EOn to spin off nuclear assets to Uniper
Uniper will be the name of the non-renewable company to spin off from EOn. The name means 'Unique Performance' and the company will own stakes in 17 operating reactors across Germany and Sweden.
The German Energiewende has forced the early shutdown of some nuclear units, curtailed the operating lives of others, and put commercial pressure on fossil generation by preferentially subsidising renewable sources. Formerly one of Europe's strongest utilites, EOn has responded by splitting in two: a renewable and customer-focused company will continue with the name EOn, while a much larger company called Uniper will continue with coal, oil, gas and nuclear generation and engineering as well as energy trading.
The name of the new company was announced yesterday, along with some details of its management and the transition plan. Uniper will be headed by Klaus Schäfer as CEO and supported by Christopher Delbrück as chief financial officer. Eckhardt Rümmler will be Uniper's chief operating officer "and oversee Uniper's technical assets." Uniper will be headquartered in Düsseldorf with the nuclear portion of the company based in Hanover.
Uniper's nuclear assets
The new company's nuclear assets will include ownership of the shut down Isar 1 and Unterweser plants as well as 100% of Grafenrheinfeld, 25% of Gundremingen B and C, 83.3% of Grohnde, 80% of Brokdorf, 75% of Isar 2 and 12.5% of Emsland all of which still are operating but will all be closed before the end of 2022.
Outside of Germany, Uniper will also own 29.6% of the four unit Ringhals plant in Sweden, of which majority owner Vattenfall said today it plans to close units 1 and 2 early due to market conditions, including the impact of a nuclear capacity tax raised by a Green-influenced coalition government. It will also own 54.5% of three reactors at Oskarshamn and 8.5% of three more at Forsmark in Sweden.
Current EOn CEO Johannes Teyssen will continue as CEO of the trimmed down EOn. He plans to complete the split by 1 January 2016 and spin off a majority stake in Uniper to current EOn shareholders in July 2016.
Under pressure
The German government's reaction to the Fukushima accident in 2011 cost EOn the opportunity to generate power from Isar 1 and Unterweser 1. This loss as well as the costs of a nuclear fuel tax amount to around €8 billion ($8.7 billion), and Uniper is expected to maintain pursuit of compensation for this through the courts.

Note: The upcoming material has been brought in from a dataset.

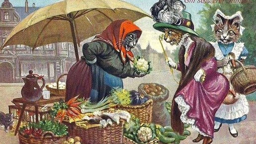 Человекообразные коты немецкого художника Артура Тиле(1860-1936)

In the face of renewable subsidies, EOn and other German utilities have struggled to profit from operating even brand-new fossil power plants. The German Association of Wind and Water(Bundesverband der Energie- und Wasserwirtschaft, BDEW) said that the economic viability of more than half of Germany's planned power plants was called into question by government policies. Last weekend saw big demonstrations on both sides of the debate - a human chain to 'end coal' and a march by fossil fuel workers calling for a 'just energy transition'.
In the Netherlands, EOn and its partners have applied to close down the Irsching 4 and 5 CCGT units - which were only built in 2010 and 2011 - saying they "have no prospect of operating profitably when the current contract with the network operator expires in March 2016." However, the country's grid operator TenneT TSO may declare the units 'system relevant' and force them to be kept open.